VAN-420 – Redoubtable Flying Battery – £7.50
VAN-420a – Solférino Flying Battery – £7.50

Packing Them In

The continued release of new and redesigned models means that occasionally we tweak the contents of our Aeronef and Spaceship fleet packs to accommodate the new vessels and increase the variety across them.

To this end, we’ve just updated the contents of some of our British spaceship and German Aeronef packs. Conveniently we sold out of British spaceship packs at Salute so restocking those was an ideal chance to make changes, and the new German Aeronef cruisers prompted the second change.

The affected British packs are SFSP-104, the heavy fleet pack, which gets the new Triumph heavy destroyers, while the Strike pack, SFSP-105, now has Shark class stealth destroyers to match the Swiftsure cruisers.

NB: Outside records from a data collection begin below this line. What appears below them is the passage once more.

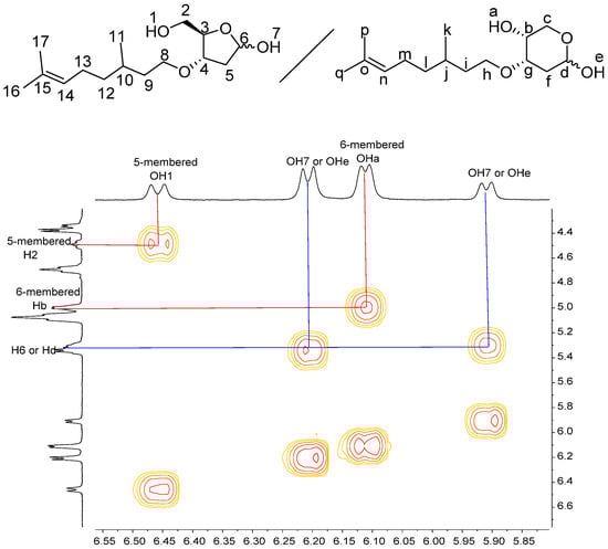 Although we were able to avoid the formation of Triol-citro, NMR analyses showed in all cases, the presence of a mixture of 5- and 6-membered cyclic forms of Lactol-citro (Scheme 3). Furthermore, as expected, 2 diastereomers of each cyclic structure are present (See SI, Figures S11–S15, for more details). Indeed, the ring-chain tautomerism of furanoses (5-membered rings) and pyranoses (6-membered rings) is very common in sugars [35]. These furanose-pyranose interconversions exist in equilibrium which led in our case to a mixture of Lactol-citro molecules as depicted in Scheme 3. Although the isolation of one pure product was not possible, 1H NMR analysis showed a major occurrence (64%) of the more stable 6-membered derivative. Indeed, the presence, as well as the (inter-)conversions, of both rings can be monitored thanks to the proton resonances of the 4 OH signals at 6.46, 6.21, 6.11 and 5.91 ppm. More precisely, as shown in Figure 2, careful examination of the 1H-1H COSY spectrum led to the attribution of the peaks at 6.26 and 6.11 ppm to the OH groups of the 5- and 6-membered lactol rings, respectively.
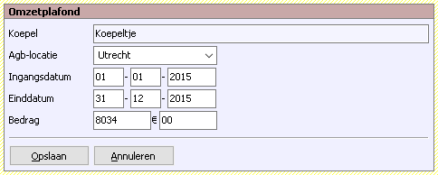 Als eenmaal een koepel is geselecteerd, dan wordt de lijst met omzetplafonds (of omzet-afspraken) gevuld met de afspraken die met die koepel gemaakt zijn. Klik op de knop Nieuw omzetplafond om een nieuwe afspraak (waarschijnlijk voor een nieuwe periode) in te voeren, of klik op een bestaand plafond om de gegevens te bekijken.
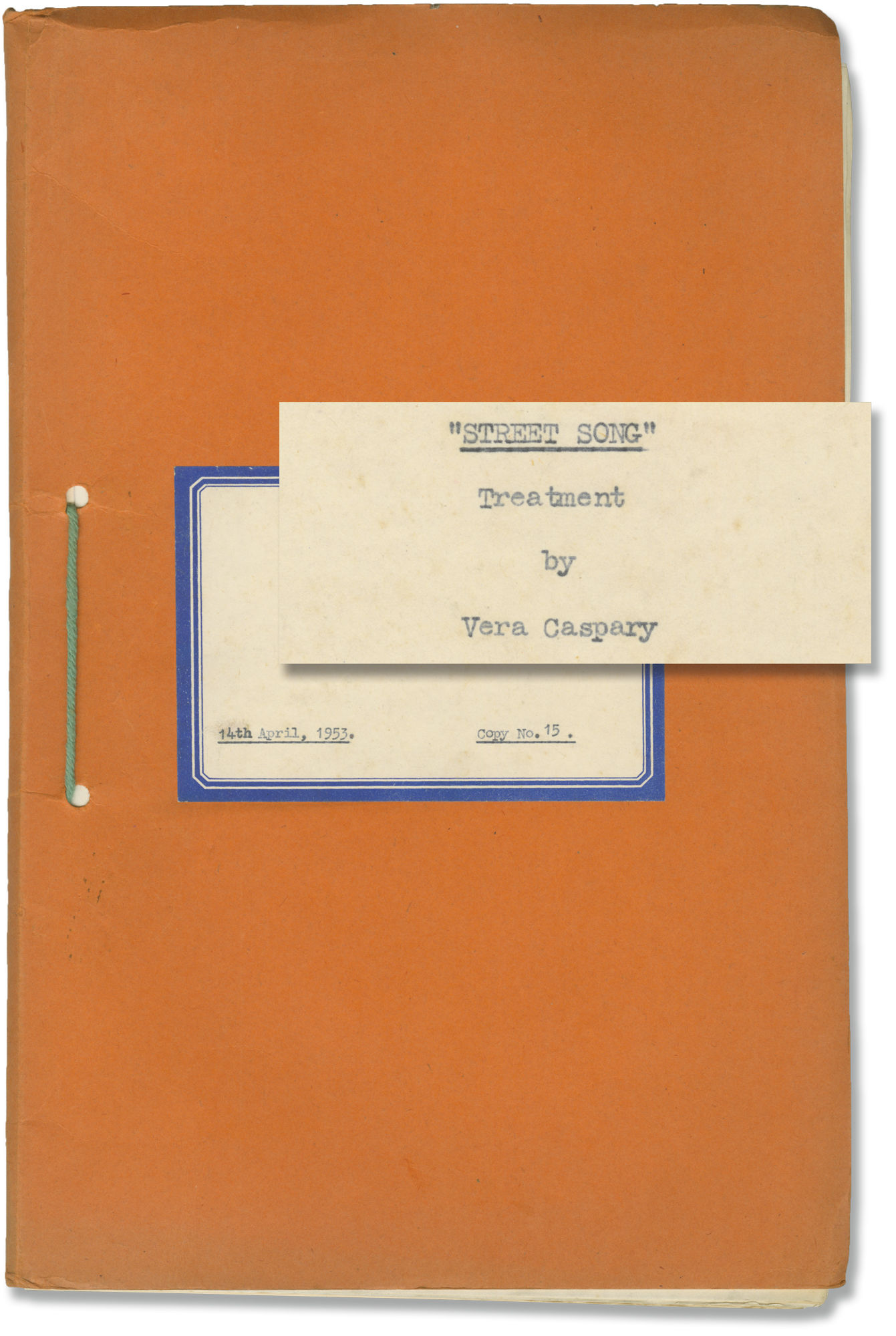 Tall orange titled wrappers, noted as Treatment on the front wrapper, dated 14th April, 1953, noted as Copy No. 15, with credits for screenwriter Vera Caspary. Title page present, dated 14th April, 1953, noted as Treatment, with credits for Caspary. 77 leaves, with last page of text numbered 76. Mimeograph duplication, rectos only. Pages Very Good plus, with some rust to the first few leaves and light foxing, wrapper Very Good plus, bound with green string.

Most of the German fleet packs have been updated – VANFP-301, -302 and -304 have all been revamped to fit in the new cruiser designs, as has the Grand Fleet Pack, VANFP-023. We’ve also added a seventh German fleet pack, VANFP-307, with a Kaiser class dreadnought (which has never been in a fleet pack before now) at its core supported by two new Lutzow class Flottenkreuzer.

Luft Kreuzers

Our Aeronef update programme continues today with the release of five new German cruisers. Three replace the existing models, while the Hansa and Lützow are new designs.

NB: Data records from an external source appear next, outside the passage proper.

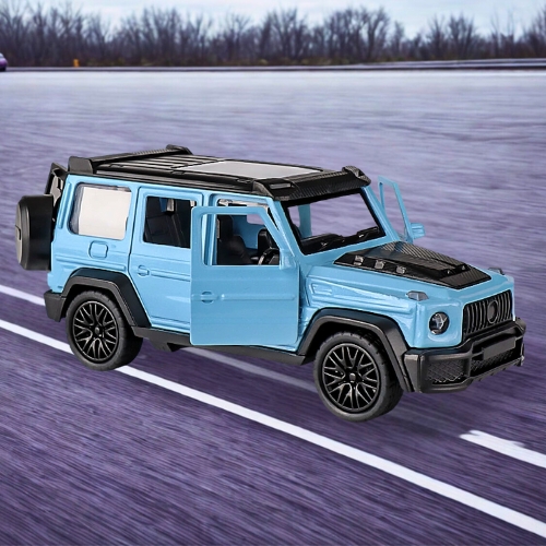 Mô Hình Xe Mẹc g63 xanh trời  tỉ lệ 1:43 Hợp kim có thể mở cửa - bánh sau chạy cót - Dài 11.4cm - rộng 4.5cm - cao 4.7cm - FULL BOX : box màu SKU : oto552h - (VAT: 003-01-35) - K54-T3-S2
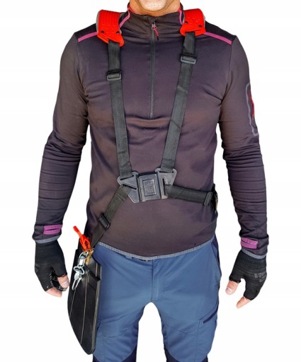 - Szelki zostały wyposażone w zatrzask do awaryjnego odpięcia kosy za pomocą jednej ręki.
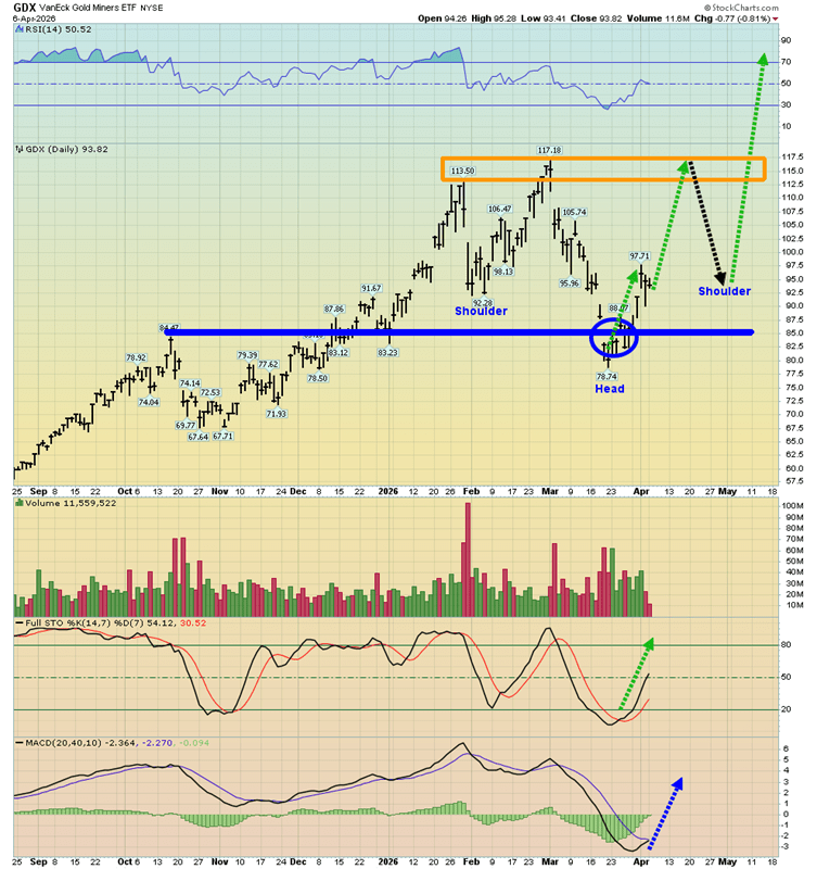 And what about the miners? The GDX chart looks particularly impressive, with a clear inverse head-and-shoulders pattern forming. The head developed around the critical $85 support level, where the 14,7,7 Stochastics oscillator also signaled a bottom.

The Köln is one of the oldest German models in the range and both it and the Emden had small cast-on turrets. The new versions have separate turrets and much more detail. The Prinz Heinrich model has a twin heavy turret up front along with a smaller one aft.

The Hansa is a variant of the Emden hull, but with two larger turrets in place of the latter’s battery of small turrets, plus torpedo tubes along the flanks.

The Lützow is a heavy Flottenkrüzer with five larger turrets.

VAN-303 – Köln class Heavy Cruiser – £3.50
VAN-306 – Emden class Light Cruiser – £2.50
VAN-314 – Prinz Heinrich class Heavy Cruiser – £3.00
VAN-325 – Hansa class Torpedo Cruiser – £2.50
VAN-326 – Lützow class Fleet Cruiser – £4.00

British Escort Update

The last batch of Aeronef release from Salute are the redesigned British cruisers and escorts. The British get eight new models, replacing the Exeter heavy cruiser, all frigate and destroyer models plus as a bonus there is the the brand new Medusa class Armoured Cruiser. The cruisers and the Arethusa destroyer have separate turrets (including new twin and single gun small turrets), and there is a new AA version of the Arethusa called the Bulldog class with three triple-AA turrets.

VAN-102 – Exeter class Heavy Cruiser – £3.50
VAN-103 – Osprey class Patrol Ship – £1.00
VAN-105 – Cygnet class Torpedo Ship – £1.00
VAN-107 – Cossack class Corvette – £1.00
VAN-108 – Steadfast class Frigate – £1.25
VAN-112 – Arethusa class Fleet Destroyer – £2.00
VAN-112a – Bulldog class AA Destroyer – £2.00
VAN-128 – Medusa class Armoured Cruiser – £4.00
VAN-7018 – British Small Twin Turrets (x15) – £1.50
VAN-7019 – British Small Single Turrets (x15) – £1.50

There are also a couple of other new models that didn’t quite make this release (they had rather thin tails that refuse to cast reliably so they’re off being remade) – they should appear sometime in May.

Fighting Falcons

Our final release for this week is another pair of Aeronef, the Spanish Príncipe de Asturias class carrier and Halcón class fighter. The carrier is a multi-part resin and metal kit, while the fighters come in packs of six. There is also a new Spanish carrier packs with a carrier, fifteen Halcón and six escort vessels.